THE PROBLEM: In the entries below, find the line containing "Trong pfSense, thiết" and the line containing "Matter Waves Unseen". Copy those two lines and everything between them exactly, without the pictures.

LISTED RECORDS:
○ ○ ○ ○ ○

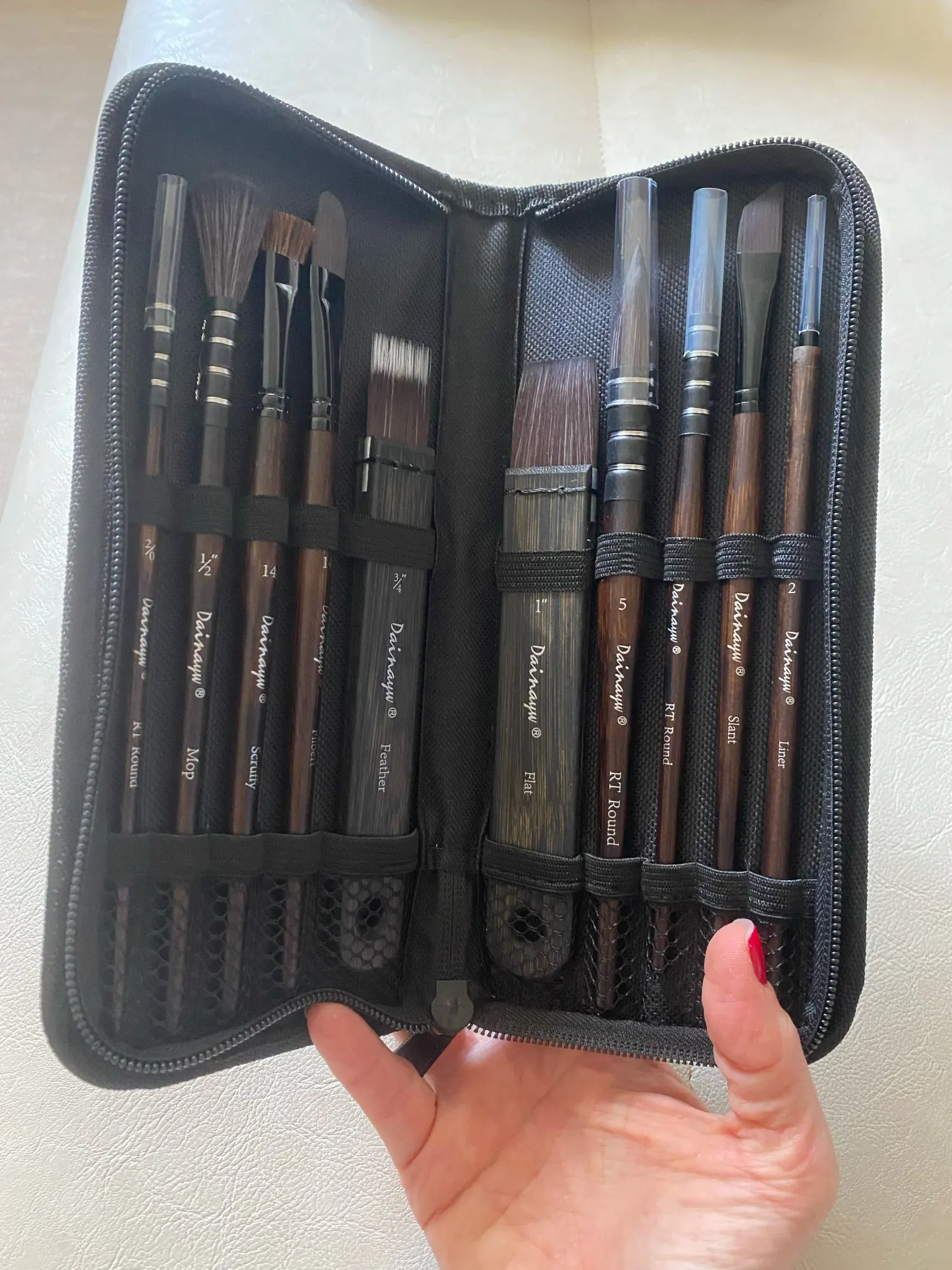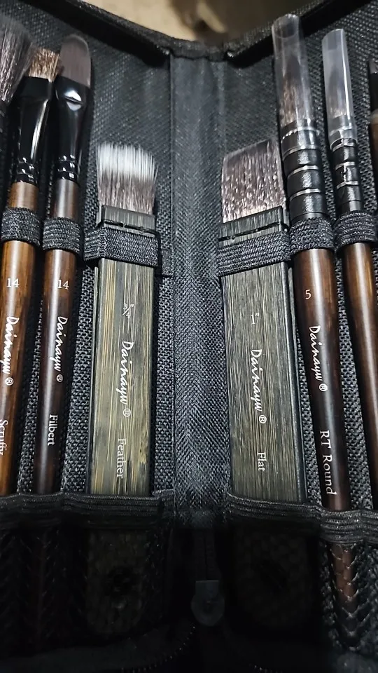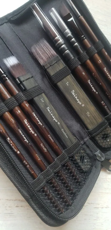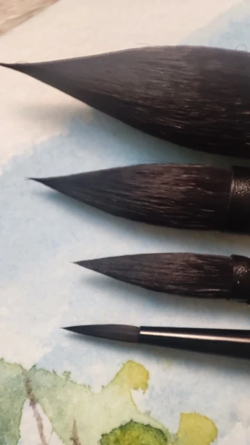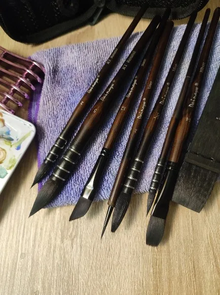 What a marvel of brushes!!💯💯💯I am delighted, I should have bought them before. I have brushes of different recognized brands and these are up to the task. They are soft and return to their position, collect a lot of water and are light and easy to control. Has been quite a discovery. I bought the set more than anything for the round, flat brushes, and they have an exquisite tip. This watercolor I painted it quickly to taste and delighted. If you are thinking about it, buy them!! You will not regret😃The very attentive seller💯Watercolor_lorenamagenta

○ ○ ○ ○ ○

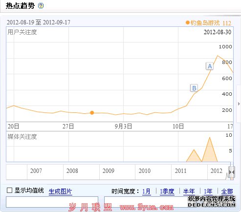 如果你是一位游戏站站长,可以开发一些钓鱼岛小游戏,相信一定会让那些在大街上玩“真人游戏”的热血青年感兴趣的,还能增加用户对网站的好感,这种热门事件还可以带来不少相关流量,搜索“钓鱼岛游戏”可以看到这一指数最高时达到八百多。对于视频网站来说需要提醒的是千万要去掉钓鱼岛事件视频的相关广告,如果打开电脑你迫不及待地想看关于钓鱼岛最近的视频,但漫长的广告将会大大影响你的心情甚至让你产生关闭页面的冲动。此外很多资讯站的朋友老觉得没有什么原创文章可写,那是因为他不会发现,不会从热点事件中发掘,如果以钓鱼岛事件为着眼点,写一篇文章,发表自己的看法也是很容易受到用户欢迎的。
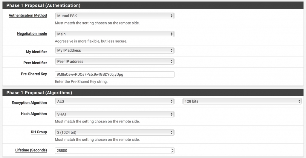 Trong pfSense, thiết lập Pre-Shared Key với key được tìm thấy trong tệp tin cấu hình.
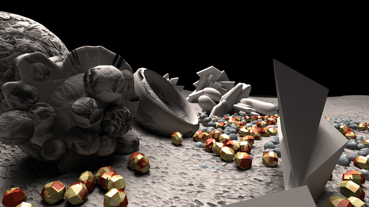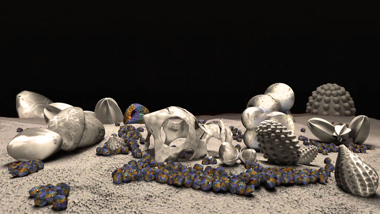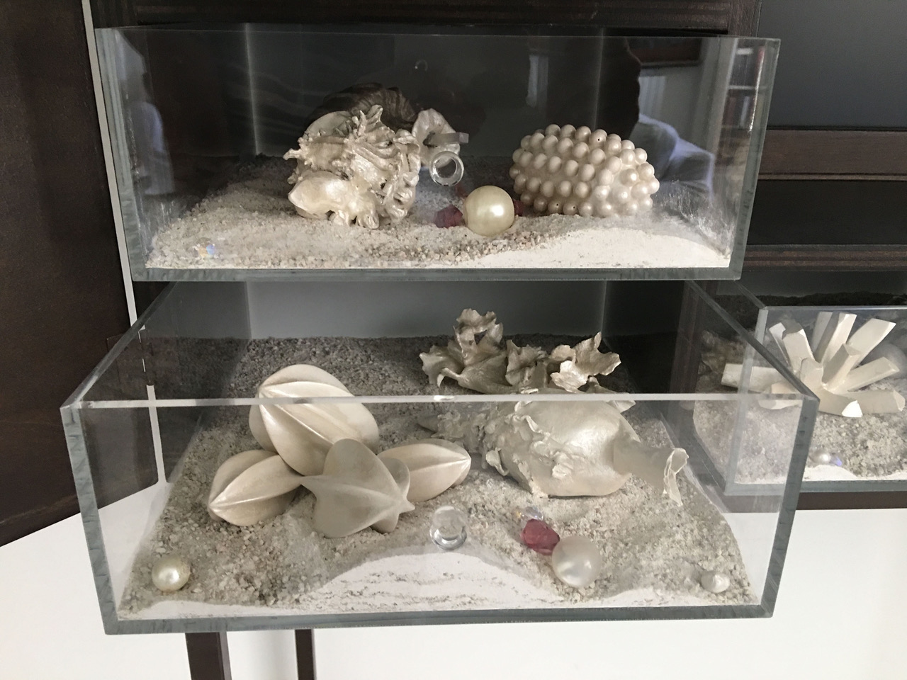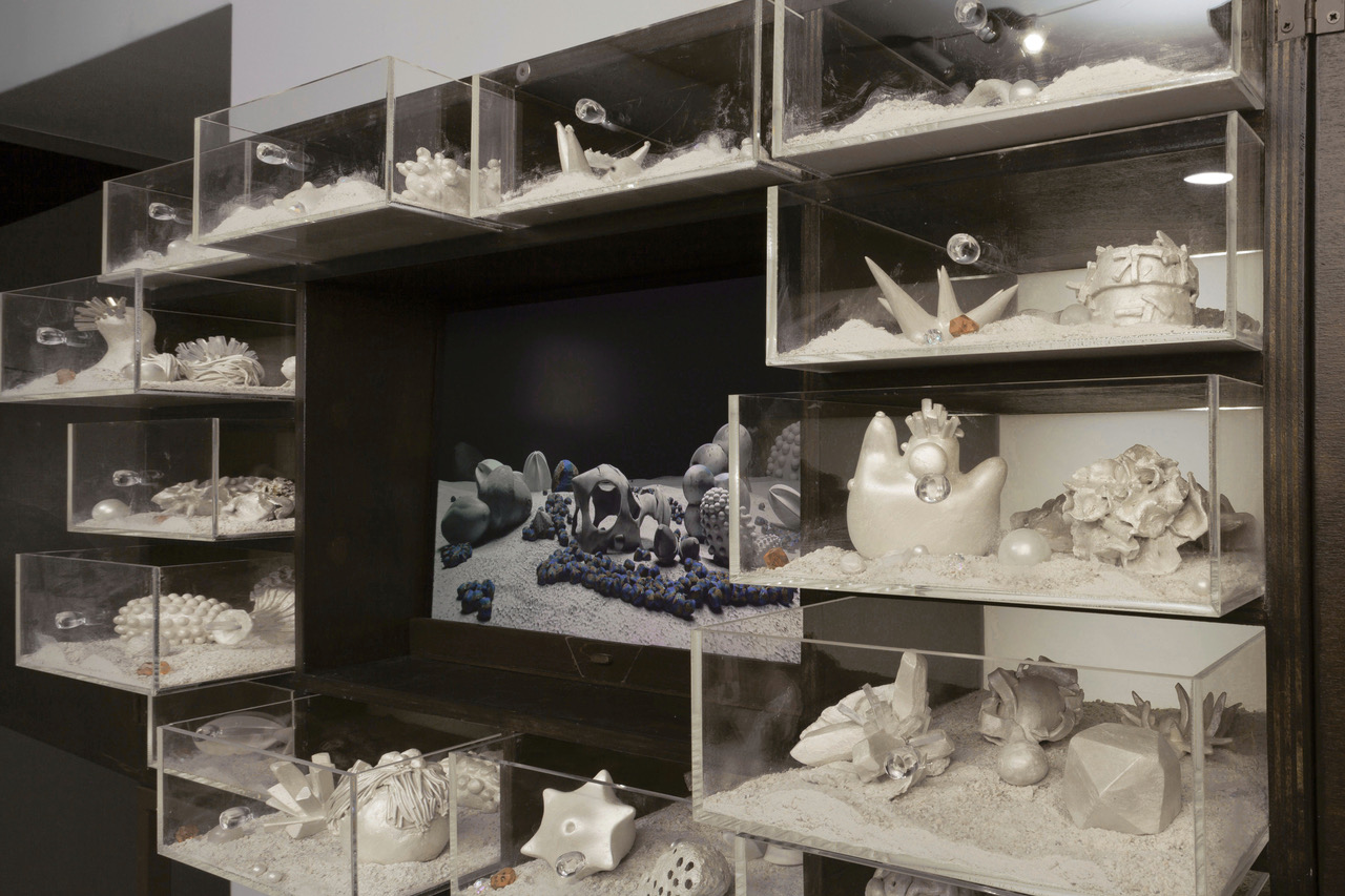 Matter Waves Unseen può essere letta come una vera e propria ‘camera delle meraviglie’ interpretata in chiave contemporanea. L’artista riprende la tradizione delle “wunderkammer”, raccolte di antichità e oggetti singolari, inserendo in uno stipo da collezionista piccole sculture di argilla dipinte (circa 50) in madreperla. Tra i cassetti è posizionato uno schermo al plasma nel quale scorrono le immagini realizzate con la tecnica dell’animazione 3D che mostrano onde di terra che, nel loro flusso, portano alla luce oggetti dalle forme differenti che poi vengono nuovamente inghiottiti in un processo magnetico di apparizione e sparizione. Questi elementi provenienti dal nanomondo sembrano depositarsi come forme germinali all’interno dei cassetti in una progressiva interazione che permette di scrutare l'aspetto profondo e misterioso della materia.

○ ○ ○ ○ ○

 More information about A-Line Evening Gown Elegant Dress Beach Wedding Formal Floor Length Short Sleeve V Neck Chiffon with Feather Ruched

○ ○ ○ ○ ○

ANSWER BOX:
 Trong pfSense, thiết lập Pre-Shared Key với key được tìm thấy trong tệp tin cấu hình.
 Matter Waves Unseen può essere letta come una vera e propria ‘camera delle meraviglie’ interpretata in chiave contemporanea. L’artista riprende la tradizione delle “wunderkammer”, raccolte di antichità e oggetti singolari, inserendo in uno stipo da collezionista piccole sculture di argilla dipinte (circa 50) in madreperla. Tra i cassetti è posizionato uno schermo al plasma nel quale scorrono le immagini realizzate con la tecnica dell’animazione 3D che mostrano onde di terra che, nel loro flusso, portano alla luce oggetti dalle forme differenti che poi vengono nuovamente inghiottiti in un processo magnetico di apparizione e sparizione. Questi elementi provenienti dal nanomondo sembrano depositarsi come forme germinali all’interno dei cassetti in una progressiva interazione che permette di scrutare l'aspetto profondo e misterioso della materia.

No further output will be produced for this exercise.